For those who are worried about any growth, please consider what history has shown since the beginning of time: Population will increase and change will happen, so let’s be smart about it. We can grow responsibly without hurting our environment, overusing water, or trading away our open spaces. As has been outlined in SLOCOG’s 2050 Regional Growth Forecast, published last June, we can honor these priorities while providing the housing needed for our existing residents and the new talent our businesses desperately need.
If you agree our housing crisis is something we need to work together to address, I propose that we consider, collectively, a few constructive steps. I urge you to contact your local elected leaders ask them to take action on the following items (and some of them are willing to do these things but need your support):
▪ Streamline the review process: Depending on the specific government entity, we need to begin or continue to streamline the review processes so that new housing can be brought to market in a more predictable time frame.

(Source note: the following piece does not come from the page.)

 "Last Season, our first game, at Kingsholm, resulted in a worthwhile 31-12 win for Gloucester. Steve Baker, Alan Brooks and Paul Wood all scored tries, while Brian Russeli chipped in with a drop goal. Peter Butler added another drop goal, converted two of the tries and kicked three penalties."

This will result in lower risk to developers and thus lower cost to buyers and renters. Fees should be charged to mitigate impacts, but not more or less than a fair cost of those mitigations.
▪ Fund infrastructure improvements: Advocate for a bond measure that provides needed funding for infrastructure. If you’re like me, you hate the idea of paying even more to live in SLO County, but state and federal infrastructure dollars have all but disappeared. Meanwhile, our decades-old infrastructure is in need of repair and modernization (traffic/roads especially, but also water/sewer). It’s for the greater good, and it’s a matter equal opportunity and fairness that we have adequate infrastructure and that we all contribute to paying for it.

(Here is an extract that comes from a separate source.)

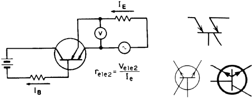 RCA wasn't the only one trying 'strange' transistor variations in those days. RCA didn't even patent the dual-emitter transistor themselves, only some circuits using it, including the one above, which they patented litterally the day before the IRE presentation.Someone else working on such transistors was W3NHO, who graduated on research into them at the university of Pennsylvania. His MSc thesis [5] reveals that he worked with transistors made by Philco. In his transistor the emitters were not equal; the extra emitter served as a 'control electrode' to control the amplification without adverse effect on the large-signal behaviour. And more people and companies were trying such transistor variants, as witnessed by several patents. But the RCA 3746 seems to have been the only actual product.

▪ Provide more funding: This is an issue for the county supervisors. They should adopt a more effective Inclusionary Housing Ordinance and provide additional funds, because inclusionary fees alone will not solve the need for affordable housing, and it is a need. Broader funding is needed to move the needle in the right direction. Additionally, they should implement a tiered fee schedule that incentivizes the kind of growth we need, while generating more funds. The current ordinance burdens buyers of smaller homes, barely able to enter the home-ownership market, with the cost of a one-size-fits-all fee.

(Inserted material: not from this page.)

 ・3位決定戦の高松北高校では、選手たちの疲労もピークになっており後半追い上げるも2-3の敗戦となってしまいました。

I submit that a healthy community should be inclusive and look out for everyone’s interests. The Central Coast is in desperate need of a housing market that is more affordable than our current situation. We have the opportunity to benefit everyone, if we take steps now, and your voice is essential.
Andrew S. Hackleman was named Executive Director the Home Builders Association of the Central Coast in September. He grew up in Atascadero and retired from the U.S. Air Force as a lieutenant colonel in April 2017.